From: Mathieu Desnoyers <compudj at krystal dot dyndns dot org>
To: Satoshi Oshima <soshima at redhat dot com>
Cc: karim at opersys dot com, Richard J Moore <richardj_moore at uk dot ibm dot com>, systemtap at sources dot redhat dot com, Andi Kleen <ak at suse dot de>, Masami Hiramatsu <hiramatu at sdl dot hitachi dot co dot jp>, Masami Hiramatsu <masami dot hiramatsu at gmail dot com>, michel dot dagenais at polymtl dot ca, Roland McGrath <roland at redhat dot com>, sugita at sdl dot hitachi dot co dot jp
Date: Wed, 3 Aug 2005 21:12:46 -0400
Subject: Re: Hitachi djprobe mechanism
References: <OF331D042E.CCADD212-ON41257050.002DC63A-41257050.002F8168@uk.ibm.com> <42EE7E97.7080501@redhat.com> <42EE86AD.609@opersys.com> <42EE9E4B.7060204@redhat.com> <42EEAAB0.3030902@opersys.com> <42EFBE56.9080403@redhat.com>

* Satoshi Oshima (soshima@redhat.com) wrote:
> I see.
> 
> We should add another limitation to djprobe limitation list.
> Current list is ...
> ------------------------------------------
> 
> limitation of djprobe
> 
> djprobe user must avoid inserting a probe into the place below:
> 
> code includes relative jmp instruction
> code includes call instruction
> code includes int instruction

Well... When you say "code includes int instruction", this is really not what I
mean by "code being interrupted".

Interruption are asynchronous to the executing code, they may happen anywhere
where interrupts are not disabled. You still can have a int instruction which
synchronously raises an interrupt, and yes, it's not safe to overwrite them.

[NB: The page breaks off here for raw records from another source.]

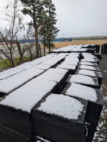 トラックは滑りそうになるし巣箱の上の雪はガチガチに凍るしで作業がやりづら。
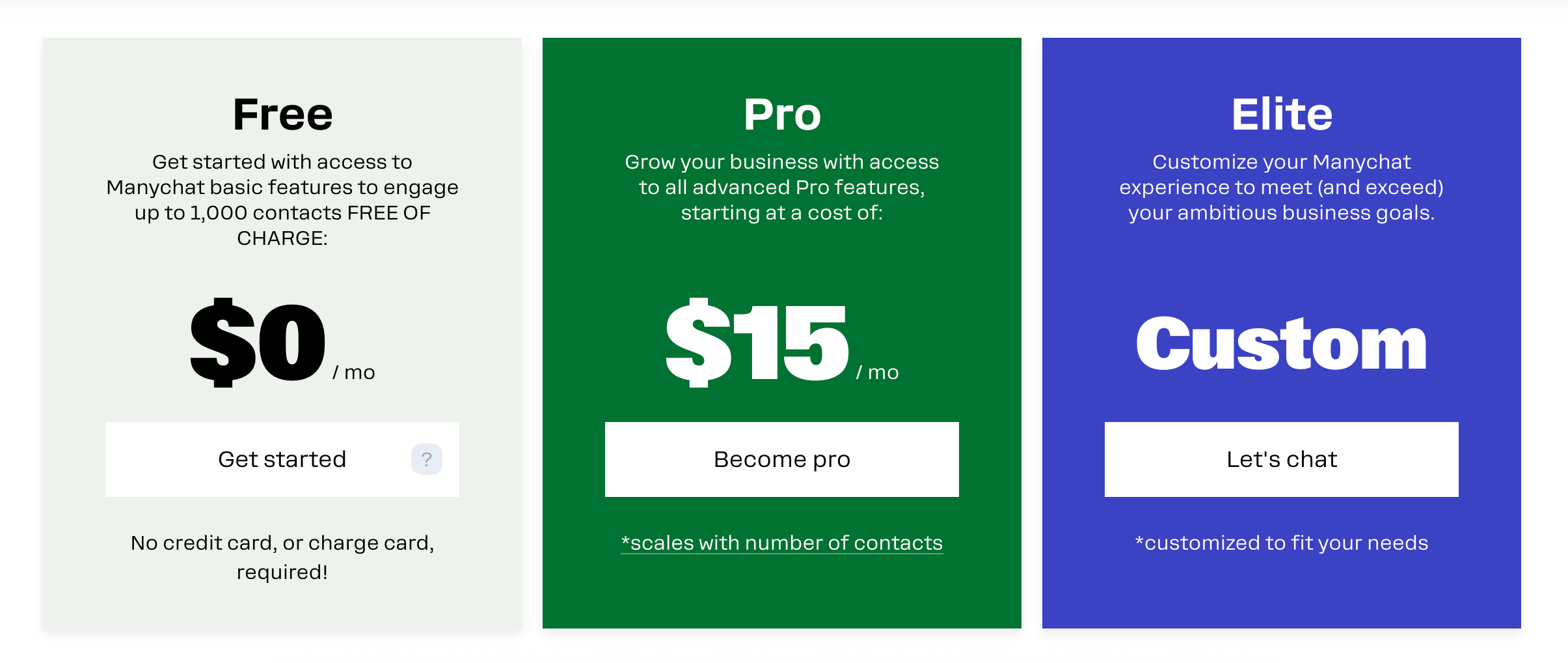 | Free | $0 | Up to 1,000 contacts, Messenger tools, broadcast messaging, limited flows |
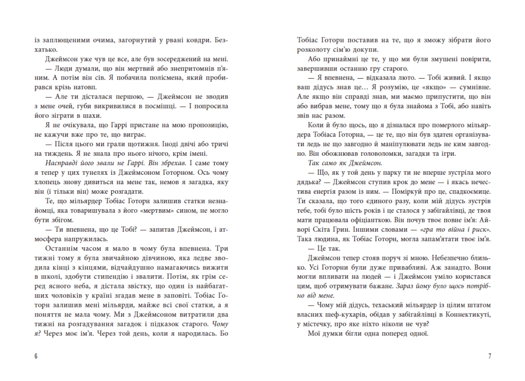 У другій частині серії «Ігри спадкоємців» Айворі продовжує збирати пазл, розгадуючи головомку мільярдера Тобіаса Готорна, чиї статки вона успадкувала. Дівчина все ще частина гри. Чи це вже не гра? Чому день народження Айворі оповитий секретами? Чи допоможе тест ДНК розплутати ці сімейні інтриги? Хай там що задумував собі старий Готорн, залишаючи спадок, та Айворі вирішує, що вона тут не для того, щоб її використовували.
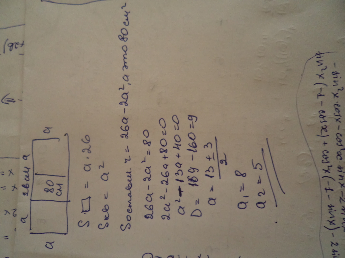 От прямоугольного листа картона длиной 26 см отрезали с двух сторон квадраты сторона каждого из них равна ширине листа .Площадь оставшейся части равна 80 см в квадрате .Найдите ширину листа картона .Покажите что задача имеет два решения.
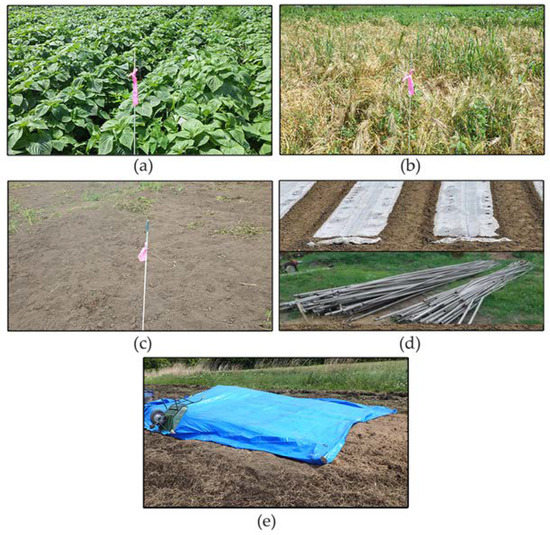 The ground objects at the study site: (a) vegetation; (b) dead/weakened vegetation; (c) soil; (d) multi-sheet and metal; (e) plastic blue sheet.
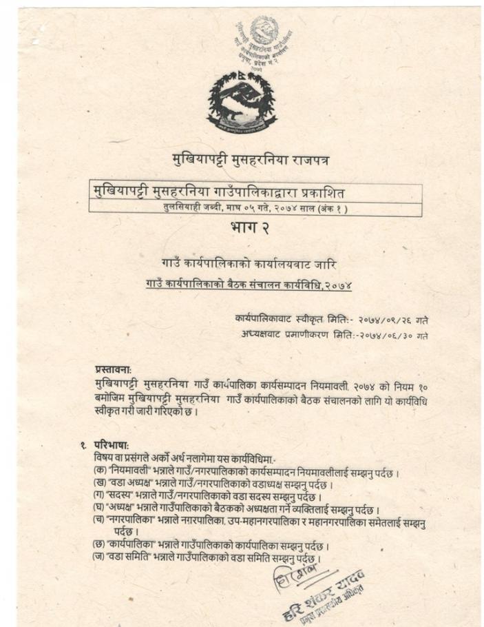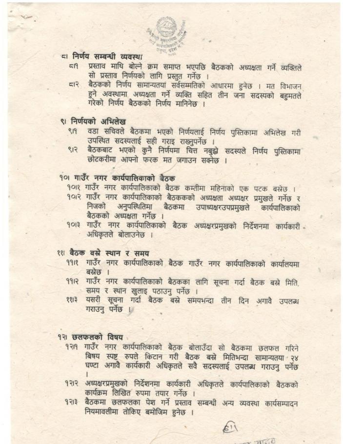 Karyapalika Baithak Sanchalan karyabidhi 2074
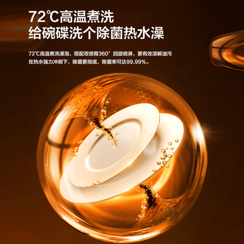 拥有三重除菌功能,可以轻轻松松的消除细菌,使得餐具更加的干净,结合新一代热风烘干功能,餐具更加干爽。
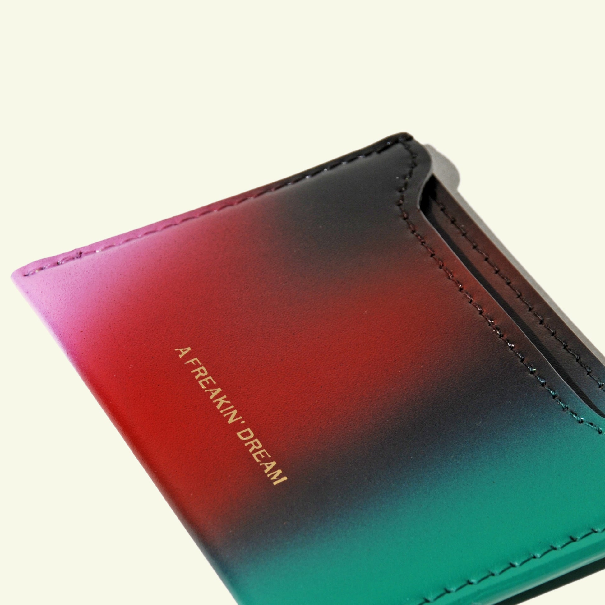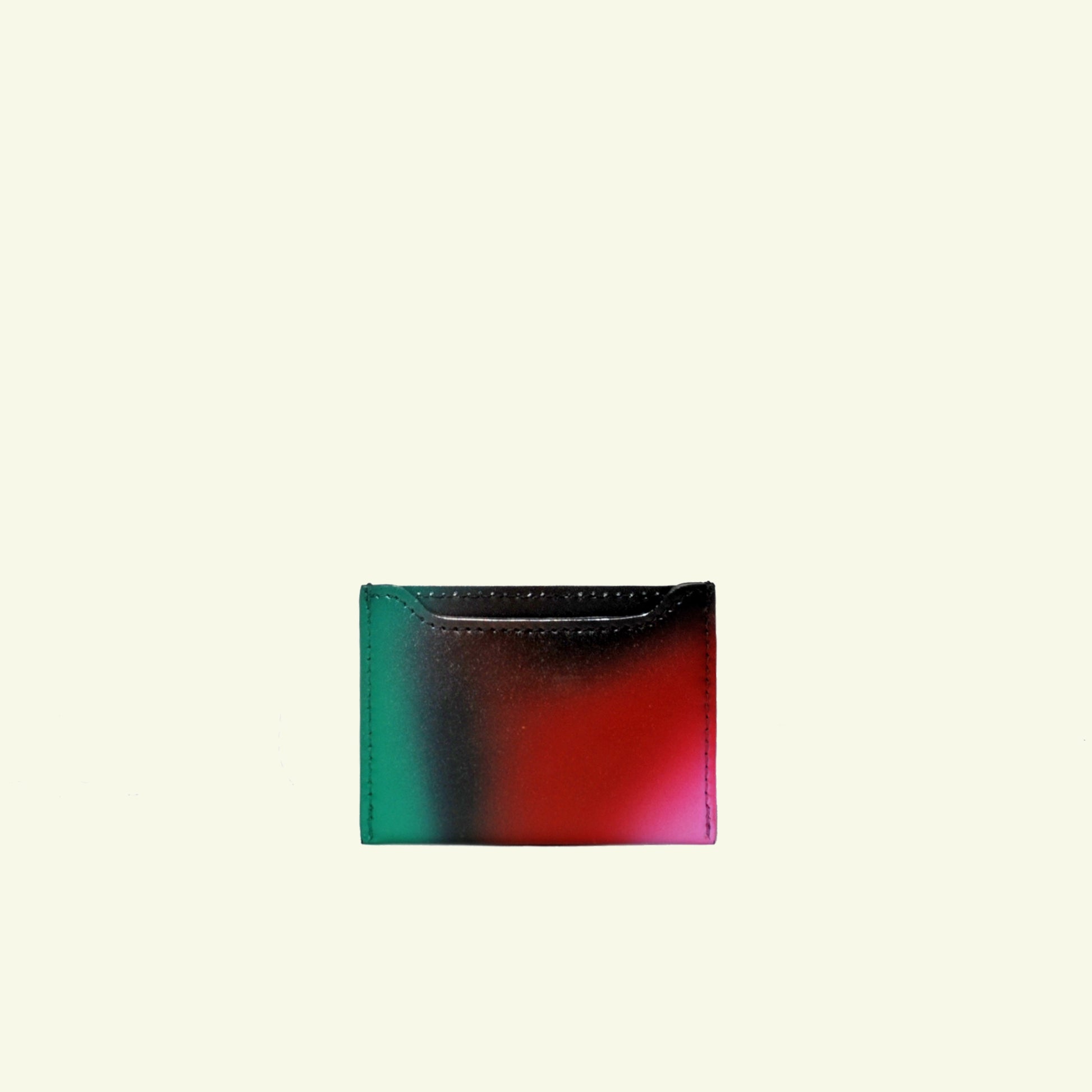The Card Holder in “Colors Match Black” is made of airbrushed black calfskin with soft pink, red, and green gradients. The hand-applied airbrush finish gives each holder unique artistic depth, designed with 2 compartments for essentials.
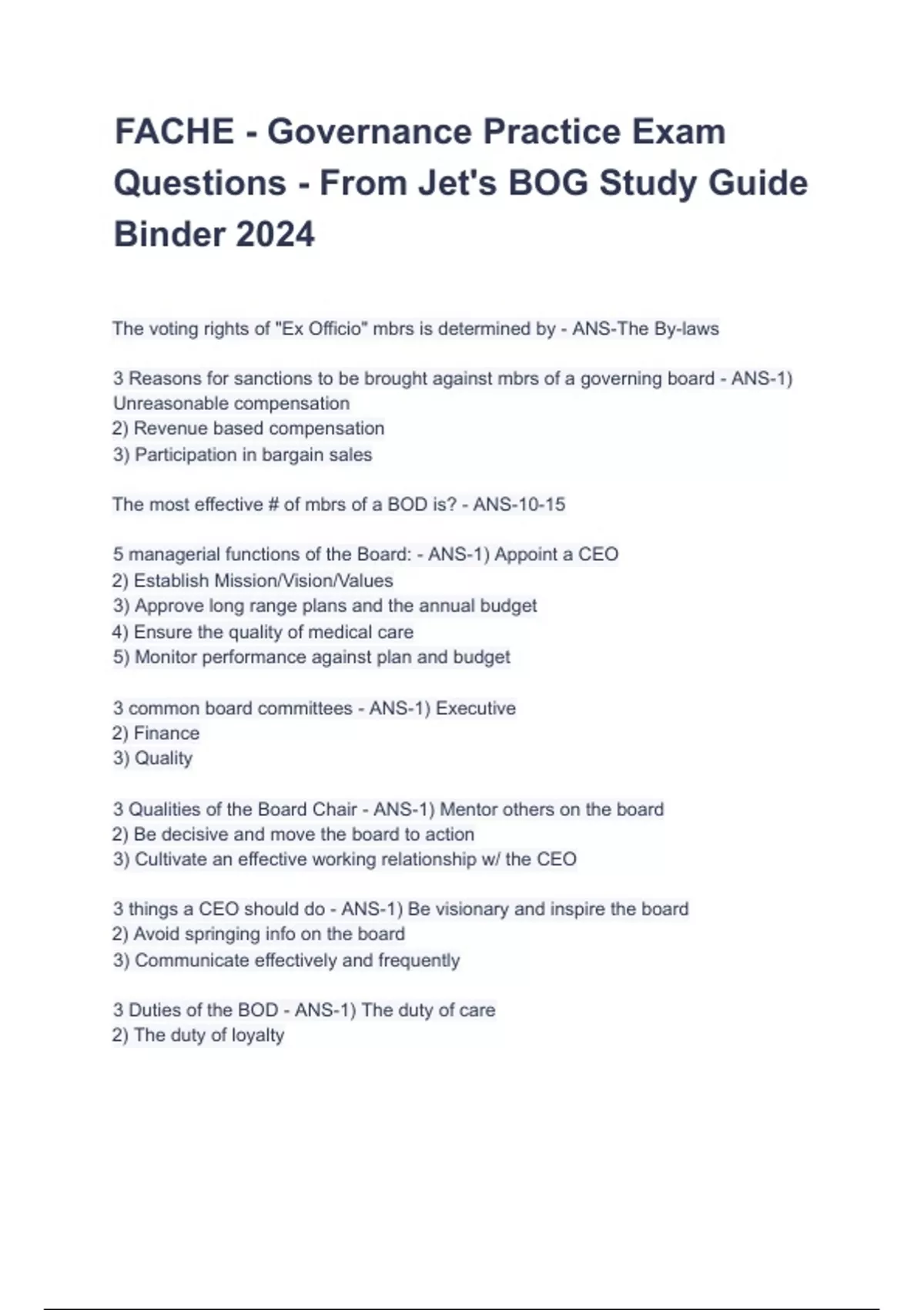 FACHE - Governance Practice Exam

But
the prior problem is asynchronous interruptions.

> functions that preempt current process such as sched() or might_resched()
> 

Well, if you run a voulountarily preemptble kernel, those will be explicit
calls. On the other hand, running a full preemptible kernel will make scheduler
being called from anywhere in your code (using an asynchronous interrupt).
Everywhere where interrupts are not disabled or preemption is not disabled are
at risk.

> >The only way you could limit that is if you did a static analysis
> >and forbade any insertion of probes on any instruction preceeding
> >a call that _may_ result in a process scheduling ... Surely you see
> >this can't scale.
> 
> I don't see why that analysis is required.
> We can simply suggest that user should avoid a call
> instruction.
> 
> The problem is EIPs which is included with replacing
> code on stack. So there is no problem when they don't
> try to replace call instruction.
>

Asynchronous interrupts will return to any instruction which is not in a zone
where interrupts are disabled. No need of call instruction to have this problem.
Well, in fact, even worst : non maskable interrupts can return _anywhere_,
excepted in the fault handler code (a double fault is handled by a abort if I
remember well).

> 
> >>In addition, all CPU run on bypass code after int3 bypass
> >>is created. (In another word, once int3 bypass would be set,
> >>all CPU never push replacing instruction address on it's stack)
> >>
> >>So we need to take care of EIPs on current process of all CPUs
> >>and interrupt stack. Now we are implementing this check code,
> >>and we will provide soon.
> >
> >But you have no way to figure out whether what you've found on the
> >stack is an address to some piece of code or just some valid data ...
> 
> We are implementing two different way to check this.
> 
> First one:
> Each interrupt handler push EIP on the stack to djprobe's
> per cpu data structure before calling do_irq or something,
> and pop EIP after returning.For checking safety,
> djprobe look through this pushed EIPs.
> 
> djprobe can easily check EIPs which are included on stacks.
> 
> But we are afraid that upstream would not accept this
> approach. So we are now trying another one.
>

Well, it will clearly have a performance cost on live systems I am not sure many
people will like.

> 
> Second one:
> Simply looking through current stack and interruption stack.
> djprobe may find the data that is same to an address to replace.
> When it would happen, djprobe can easily postpone to replace
> and wait for next check.
> 
> This implementation brings some delay to replace int 3 with
> jmp. But probe code is still valid by kprobe and there is
> no other side effect. Probe cost is same as kprobe.
> 

How do you plan to check all processors'stack ?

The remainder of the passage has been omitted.